2020

End of a decade, as we count things here. Arbitrary it may be, but after a couple of thousand years of roughly similar approaches to keeping track of time, perhaps the world has begun to notice and is starting to arrange itself in line with the calendar. Of course the world has a choice of calendars. Chinese New Year is not for weeks yet. The first day of Muharram isn’t until September. Rosh Hashanah is later that month. From a liturgical perspective the year kicked off weeks ago with Advent, and once the kings are gone and the Epiphany celebrated we can settle into a period of Ordinary Time.

Still, this seems a good point to recognise that many of the changes I and colleagues spent the last decade and a half advertising are established as reality, now, and that one of my jobs for the new year will be letting go of any residual conviction that the old order can be protected or resurrected. International governance, social democratic governments that work with capitalists to provide social goods, technocratic third-way reconciliations between states and markets, all the familiar elements of the system that many organisations sought to shore up through foresight and anticipation, these are all things that I think are historical, now, even if they haven’t yet quite stopped moving. The bushfires and floods in developed societies that featured on our slide decks and ‘postcards from the future’, the mocked-up news reports featuring disasters visiting the places in the world we assumed were safe, these have become real, even if they are eclipsed in the UK by more local concerns with the capture of our political system and the end of a brief period in which people assumed a common set of facts was shared by all.

I don’t mean to cover old ground here: goodness knows there is no shortage of newsprint describing the ‘rise of populism’, or explaining how conservative estimates of the rate of change in earth systems have been, or pointing out how a global financialised economy makes nation states redundant. I suppose I am marking a personal moment, of recognising that these changes have happened, and that however much I wish they had turned out differently I need to work with the world as it is. In practical terms, I think this won’t mean much. I have picked up a habit, from being in the civil service during the Brexit referendum and its aftermath, of paying far too much attention to the news, and now that politics seems less busy I can recalibrate. More importantly, beyond this work of accepting reality, I need to think hard about what connects ideas of the future to action, why the groups that thought their future was assured were mistaken, and why, despite all those photoshops of disaster and upheaval, action to counter climate change, pollution and biodiversity loss seems incapable of acceleration. Why is it that futures and foresight work has demonstrably not had the impact that its practitioners (for a time, me) claim it has? What is the right scale for human anticipation? What are the right ambitions for foresight? These are answers I will have to give students.

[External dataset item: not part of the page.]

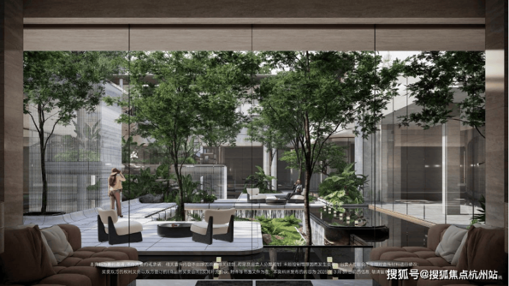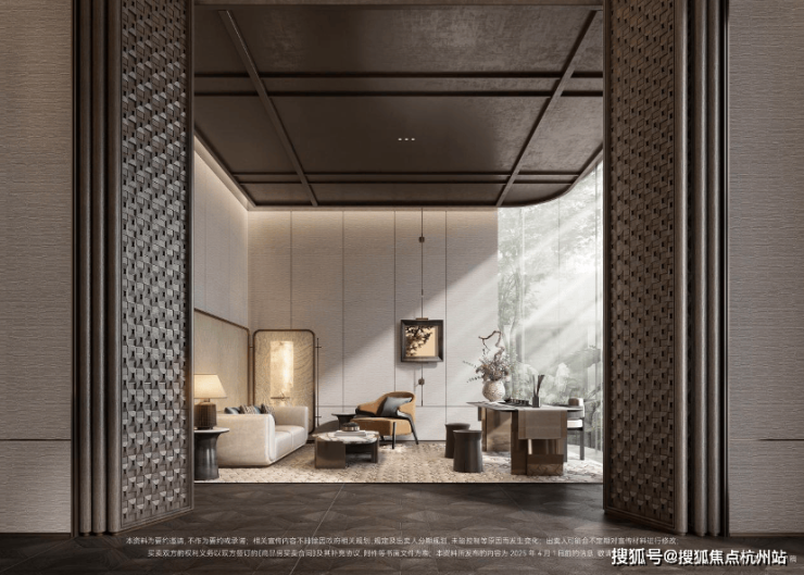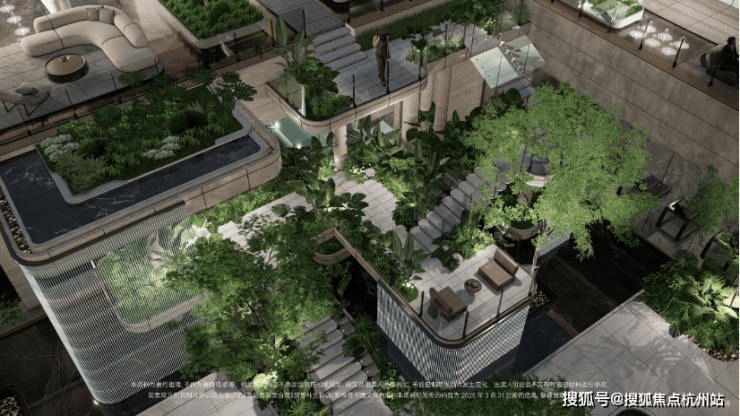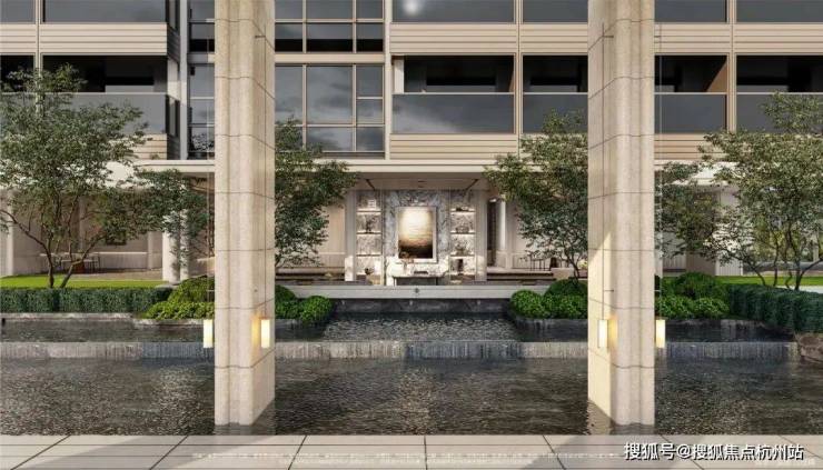 双轴线的设计,充分拓宽了视野面与观赏点位,环形回廊、精神游廊与下沉庭院通过立体景观平台相融,又创造出隔岸听泉的诗意场景。在会所、在架空层泛会所、在归家路上,每个重要生活触点,业主都能拥享独特景观和欣赏视野。

And for myself, I need to act in the light of the future we failed to avoid. Many people are way ahead of me, of course, which is a blessing since I can learn from them. I have read George Monbiot and John Thackara for years, and worked now and again on the periphery of the International Futures Forum. I think I need to re-engage with them and people like them, in the light of my changed understanding. I can try and find groups that are less old and white and male, too (I am all those things, now), and I am lucky to work somewhere where there are ways for me to do that. Doing this is more than simply trying to be more varied in the people I learn from, or representative in the people whose ideas I share: it’s a way of helping me address my biggest question. Alicia Elliot wrote a great piece in which she pointed out that “many non-Indigenous horror writers depict situations that Indigenous people have already weathered”: what is counted as a terrible future by the policy groups in whose company I have passed the last decade is usually a present or a past for people enjoying fewer protections from injustice. And that, I think, is my biggest question: what if ‘the future’ is not real, and the only real futures are in the present, unfolding unnoticed? Traditional foresight and current futures work doesn’t work with this view, separating out the future from the rest of life. I think the future is important, but it is wholly part of the present and the past, and my work now is to use that knowledge to help me act. Happy New Year.